When a node fails, the goroutine reading from `sess.ErrChan()` receives the transport error, which the `eventConsumer` subsequently converts to `ErrorCodePeerUnavailable` and publishes as a `SigningResultEvent` with `ResultTypeError`.

## Summary

- **Immediate Detection**: The `SendToOther` method in [`pkg/mpc/session.go`](https://github.com/fystack/mpcium/blob/main/pkg/mpc/session.go) detects transport failures and pushes errors to `ErrCh` when nodes are unreachable.
- **Standardized Errors**: The `eventConsumer` maps send failures to `ErrorCodePeerUnavailable` via `GetErrorCodeFromError` in [`pkg/event/types.go`](https://github.com/fystack/mpcium/blob/main/pkg/event/types.go).
- **Quorum Enforcement**: The registry’s `AreMajorityReady()` check in [`pkg/eventconsumer/sign_consumer.go`](https://github.com/fystack/mpcium/blob/main/pkg/eventconsumer/sign_consumer.go) blocks new sessions until `t+1` peers are available.
- **Secure Termination**: Failed sessions trigger `Close()` and memory zeroization via [`pkg/security/zeroize.go`](https://github.com/fystack/mpcium/blob/main/pkg/security/zeroize.go) to prevent key material leakage.
- **Deterministic Reporting**: All failures propagate through `SigningResultEvent` structures, ensuring API clients receive consistent error codes.

## Frequently Asked Questions

### Can an MPC signing operation complete if one participant node fails mid-protocol?

No. The fystack/mpcium architecture enforces an all-or-nothing approach to signing. If any node becomes unreachable during the multi-round protocol, the `SendToOther` call fails, the error propagates through `session.ErrCh`, and the session aborts immediately. The design prevents partial signature generation that could leak information about the private key shares held by remaining nodes.

### What specific error code indicates a node is unavailable during signing?

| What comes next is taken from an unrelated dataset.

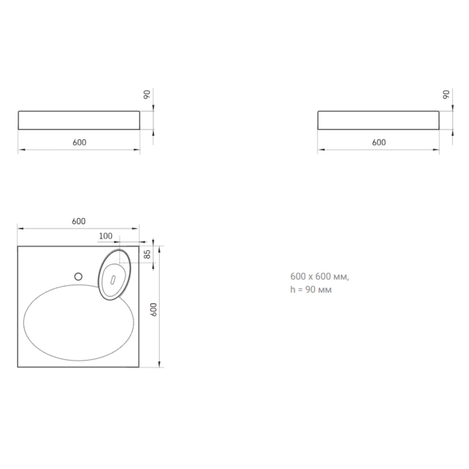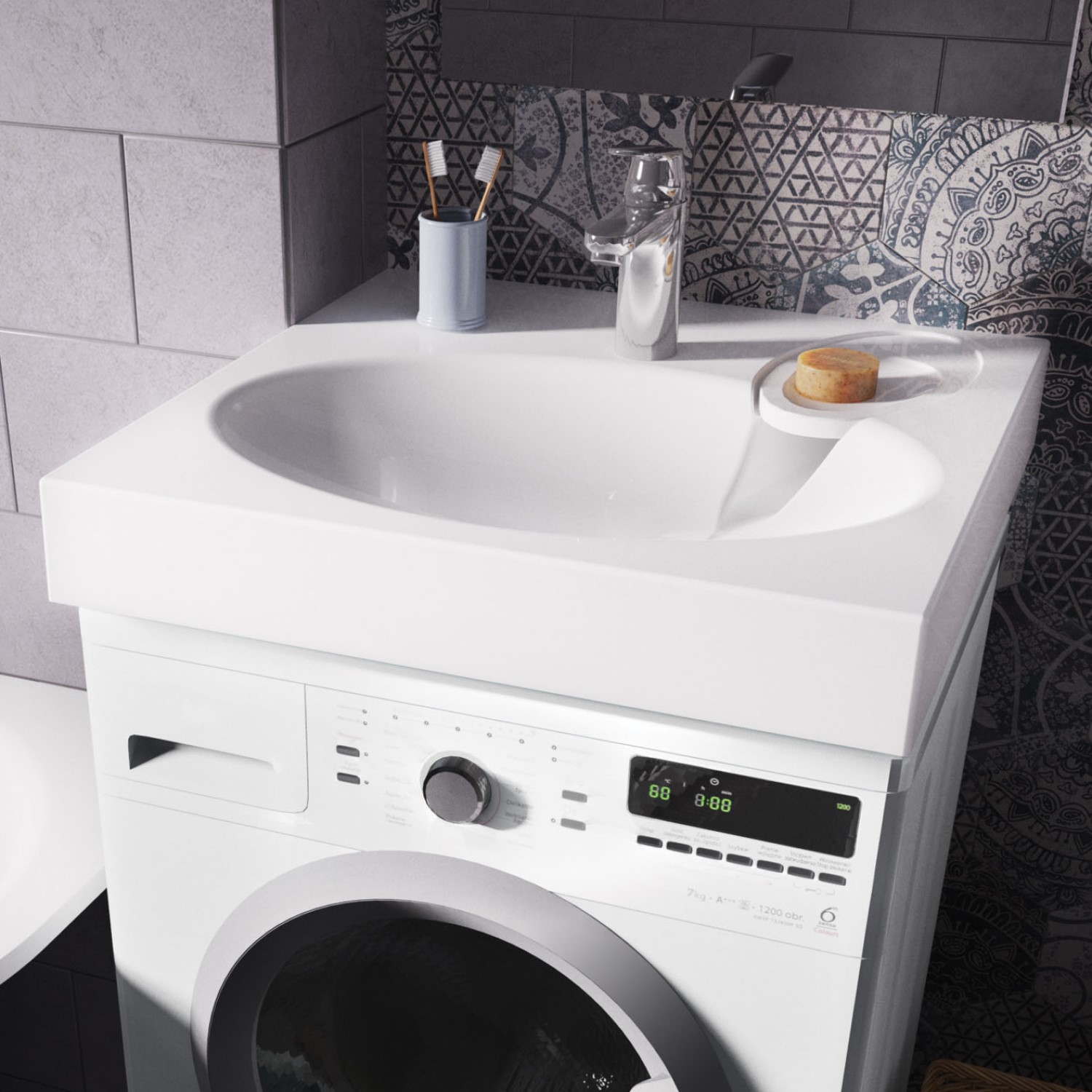 KICLASIF/00 Claro Раковина на пральну машину, з литого (штучного) каменю 60х60 з мильницею + сифон та кронштейни 2шт, біла (1 сорт)

The system returns **`ErrorCodePeerUnavailable`**. This code is assigned in [`pkg/event/types.go`](https://github.com/fystack/mpcium/blob/main/pkg/event/types.go) when `GetErrorCodeFromError` detects the substring *“send”* in the error message originating from [`pkg/mpc/session.go`](https://github.com/fystack/mpcium/blob/main/pkg/mpc/session.go). Clients receiving this code should treat the failure as transient and retry only after confirming the missing node has rejoined the cluster.

### How does the system prevent new signing requests when nodes are down?

Before processing any signing event, the `signingConsumer.handleSigningEvent` function verifies cluster health by calling `peerRegistry.AreMajorityReady()`. This check ensures at least `t+1` peers (the cryptographic threshold) are reporting ready status in Consul. If the quorum is not met, the request is rejected immediately with `ErrorCodePeerUnavailable` without allocating MPC session resources.

### Is sensitive cryptographic material exposed when a signing session fails?

No. The `session.Close()` method triggers the zeroization routines in [`pkg/security/zeroize.go`](https://github.com/fystack/mpcium/blob/main/pkg/security/zeroize.go) to overwrite memory regions containing private key shares, transaction data, and intermediate protocol state. This secure cleanup occurs on all remaining nodes before the failed session is garbage collected, ensuring that node outages do not leave exploitable artifacts in system memory.